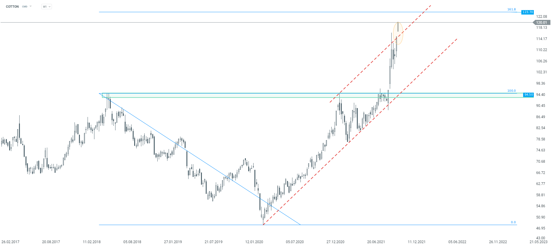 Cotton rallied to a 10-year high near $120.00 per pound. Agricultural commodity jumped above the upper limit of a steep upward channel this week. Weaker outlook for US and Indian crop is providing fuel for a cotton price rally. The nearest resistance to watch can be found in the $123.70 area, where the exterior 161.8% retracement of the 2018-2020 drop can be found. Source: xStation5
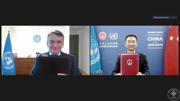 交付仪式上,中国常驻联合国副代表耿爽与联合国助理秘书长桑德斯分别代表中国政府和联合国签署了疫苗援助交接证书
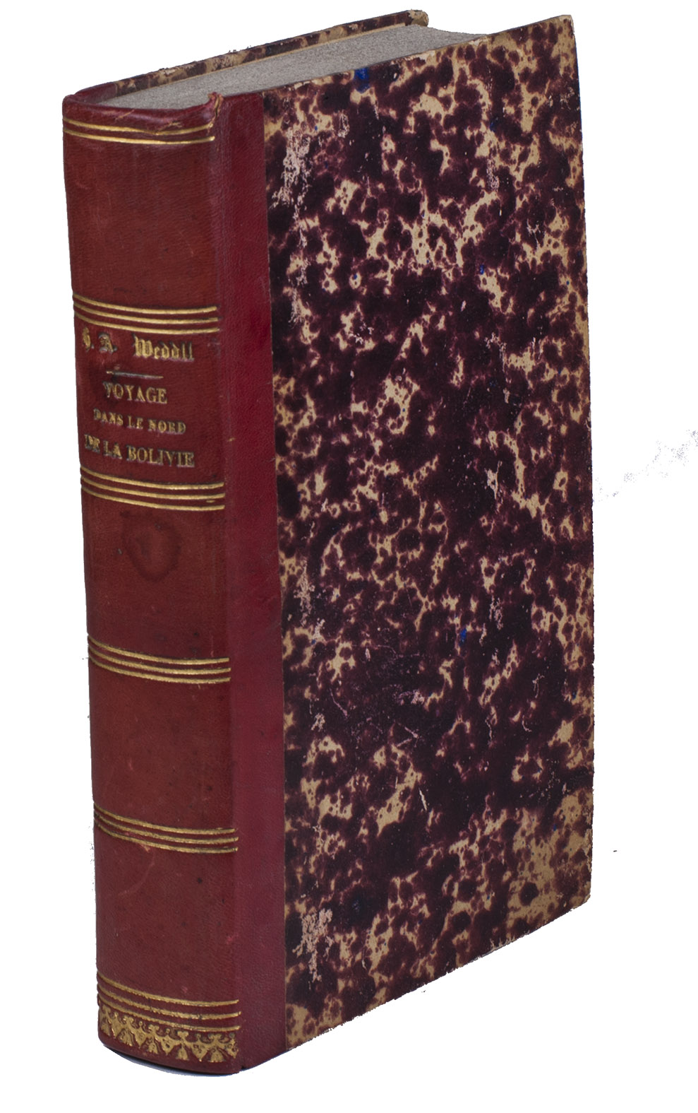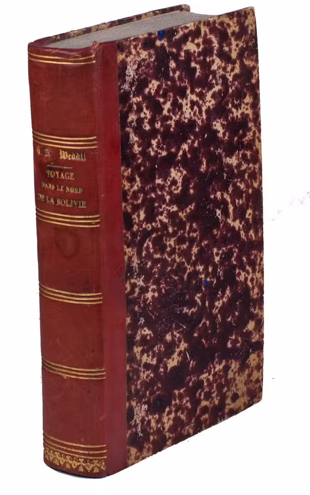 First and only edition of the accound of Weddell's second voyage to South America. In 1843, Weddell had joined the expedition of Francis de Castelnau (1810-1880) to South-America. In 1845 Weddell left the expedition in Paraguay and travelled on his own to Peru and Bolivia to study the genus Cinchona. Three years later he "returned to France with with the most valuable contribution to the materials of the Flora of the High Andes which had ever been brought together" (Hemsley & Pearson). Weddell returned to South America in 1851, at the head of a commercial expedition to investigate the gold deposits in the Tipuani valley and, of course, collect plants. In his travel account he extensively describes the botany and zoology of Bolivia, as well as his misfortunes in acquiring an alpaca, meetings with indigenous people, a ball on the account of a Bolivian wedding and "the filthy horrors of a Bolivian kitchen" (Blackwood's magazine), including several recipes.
* * *
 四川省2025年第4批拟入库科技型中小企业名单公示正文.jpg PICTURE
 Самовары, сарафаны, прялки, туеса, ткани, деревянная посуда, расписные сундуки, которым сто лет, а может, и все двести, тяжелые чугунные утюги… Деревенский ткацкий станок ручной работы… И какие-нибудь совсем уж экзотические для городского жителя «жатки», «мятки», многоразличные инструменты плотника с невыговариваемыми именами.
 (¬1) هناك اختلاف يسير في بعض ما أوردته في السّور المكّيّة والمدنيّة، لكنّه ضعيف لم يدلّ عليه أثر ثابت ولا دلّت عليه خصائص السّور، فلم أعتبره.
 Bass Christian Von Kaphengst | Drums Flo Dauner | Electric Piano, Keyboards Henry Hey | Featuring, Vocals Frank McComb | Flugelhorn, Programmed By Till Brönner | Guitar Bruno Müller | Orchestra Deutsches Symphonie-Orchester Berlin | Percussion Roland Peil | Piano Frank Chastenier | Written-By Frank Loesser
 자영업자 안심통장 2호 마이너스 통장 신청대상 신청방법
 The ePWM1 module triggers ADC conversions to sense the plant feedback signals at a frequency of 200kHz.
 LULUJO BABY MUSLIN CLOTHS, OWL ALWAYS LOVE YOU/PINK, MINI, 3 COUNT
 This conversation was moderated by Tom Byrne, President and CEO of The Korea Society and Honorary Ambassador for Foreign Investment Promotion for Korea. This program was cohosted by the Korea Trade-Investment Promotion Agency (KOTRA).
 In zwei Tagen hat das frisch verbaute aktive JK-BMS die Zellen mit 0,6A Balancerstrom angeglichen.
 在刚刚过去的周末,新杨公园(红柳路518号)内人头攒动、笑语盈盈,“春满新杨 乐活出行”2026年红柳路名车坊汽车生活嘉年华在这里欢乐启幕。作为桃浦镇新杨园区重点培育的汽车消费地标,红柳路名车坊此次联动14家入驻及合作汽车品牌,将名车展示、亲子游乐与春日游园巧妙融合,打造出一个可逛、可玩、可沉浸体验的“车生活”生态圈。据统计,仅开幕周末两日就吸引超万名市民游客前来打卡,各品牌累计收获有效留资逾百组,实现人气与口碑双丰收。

__ACTIVITY__
The required answer is the run of lines above, starting at the line with "This conversation was" and ending at the line with "在刚刚过去的周末,新杨公园(红柳路518", reproduced exactly with both ends.

__WRITTEN REPLY__
 This conversation was moderated by Tom Byrne, President and CEO of The Korea Society and Honorary Ambassador for Foreign Investment Promotion for Korea. This program was cohosted by the Korea Trade-Investment Promotion Agency (KOTRA).
 In zwei Tagen hat das frisch verbaute aktive JK-BMS die Zellen mit 0,6A Balancerstrom angeglichen.
 在刚刚过去的周末,新杨公园(红柳路518号)内人头攒动、笑语盈盈,“春满新杨 乐活出行”2026年红柳路名车坊汽车生活嘉年华在这里欢乐启幕。作为桃浦镇新杨园区重点培育的汽车消费地标,红柳路名车坊此次联动14家入驻及合作汽车品牌,将名车展示、亲子游乐与春日游园巧妙融合,打造出一个可逛、可玩、可沉浸体验的“车生活”生态圈。据统计,仅开幕周末两日就吸引超万名市民游客前来打卡,各品牌累计收获有效留资逾百组,实现人气与口碑双丰收。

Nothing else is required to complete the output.